Securing Model Supply Chain Risk with File Scanning
What is model supply chain risk?
Pickle is a widely used serialization format in Machine Learning, emerging as the most common way to share model and model weights. However, when you load and de-serialize a pickle file, it is susceptible to dangerous arbitrary code execution attacks specified by the original author of the file. To learn more about pickle serialization based attacks: check out our blog post on the topic.
Once a model has been registered with Robust Intelligence, you can run a file scan on the model artifacts, which will identify potentially dangerous imports within the model which pose risks during de-serialization. This is a critical step in securing your model supply chain. All pickle derived model formats, including PyTorch, TensorFlow, Keras, and Scikit-Learn, are supported for file scanning.
Note: File Scanning is currently only enabled on registered HuggingFace models.
Running a file scan on a registered HuggingFace model
This tutorial assumes you have already created a project and registered a model and retrieved the model and project IDs. For large generative models, consider specifying the ram_request_megabytes
field to a higher value such as 30000 in the start_file_scan
method to ensure that the file scan job has enough memory to run.
from rime_sdk import Client
client = Client(domain=<CLUSTER_URL>, api_key=<API_KEY>)
job = client.start_file_scan(model_id=<MODEL_ID>, project_id=<PROJECT_ID>)
job.get_status(verbose=True, wait_until_finish=True)
To run a file scan on a private Huggingface model, you have to first create a custom integration with a key set to HUGGINGFACE_API_TOKEN and the value set to your Huggingface API token. You can find your Huggingface API token on your Huggingface profile page. Then during model registration, specify the integration ID as an argument to the register_model
method. From there, start a file scan on the model as you would for a public model.

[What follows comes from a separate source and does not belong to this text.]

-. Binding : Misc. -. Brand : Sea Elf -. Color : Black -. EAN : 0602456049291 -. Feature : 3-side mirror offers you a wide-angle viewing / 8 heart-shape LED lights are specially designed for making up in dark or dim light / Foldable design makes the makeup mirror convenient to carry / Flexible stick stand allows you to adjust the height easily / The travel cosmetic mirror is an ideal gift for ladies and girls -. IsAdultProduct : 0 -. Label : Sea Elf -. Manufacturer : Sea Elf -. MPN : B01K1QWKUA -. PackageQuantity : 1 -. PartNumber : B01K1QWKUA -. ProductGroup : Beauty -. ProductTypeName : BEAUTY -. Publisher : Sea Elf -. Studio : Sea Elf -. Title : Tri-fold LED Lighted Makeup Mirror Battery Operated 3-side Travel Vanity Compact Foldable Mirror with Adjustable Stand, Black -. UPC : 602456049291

Getting the results of a file scan
Once the file scan job has completed, you can view the results of the file scan in the SDK:
client.get_file_scan_result(file_scan_id=job.job_id)
Severity is scored from 1-3, with 3 corresponding to an Alert level of risk, and 1 being a pass. If vulnerabilities were found during the file scan, they will be present under the file_security_reports field under unsafe_dependencies. The file_security_reports field will be empty if no vulnerabilities were found in any of the model files.
You can also view the latest file scan result for a specific model on its model registry page.
Sign in to a Robust Intelligence instance.
The Workspaces page appears.
Click a workspace.
The Workspaces summary page appears.
Select the project in which the model is registered.
The project overview page appears.
Click the Model Registry tab on the left navigation bar under Artifacts.
The model registry page appears.
Click the model for which you have run a file scan.
The model info page for the model appears.
The severity of the latest file scan result is displayed under the File Scan tab in the lower right.
There are three possible severity levels: Alert, Warning, Pass.
Understanding your file scan results
The result or severity of a file scan result is determined by the most dangerous import amongst all dependencies found across all files that comprise the model. Certain imports, such as any methods from the os
or sys
module, are considered more dangerous than others, such as numpy
or pandas
which are more commonly found in model artifacts. Some examples of dangerous imports include dependencies that enable arbitrary code execution, such as the builtin exec function, or libraries that create HTTP connections, such as httplib. Robust Intelligence maintains a list of dangerous dependencies, updating whenever a new CVE is identified to ensure that your model is secured against the latest vulnerabilities.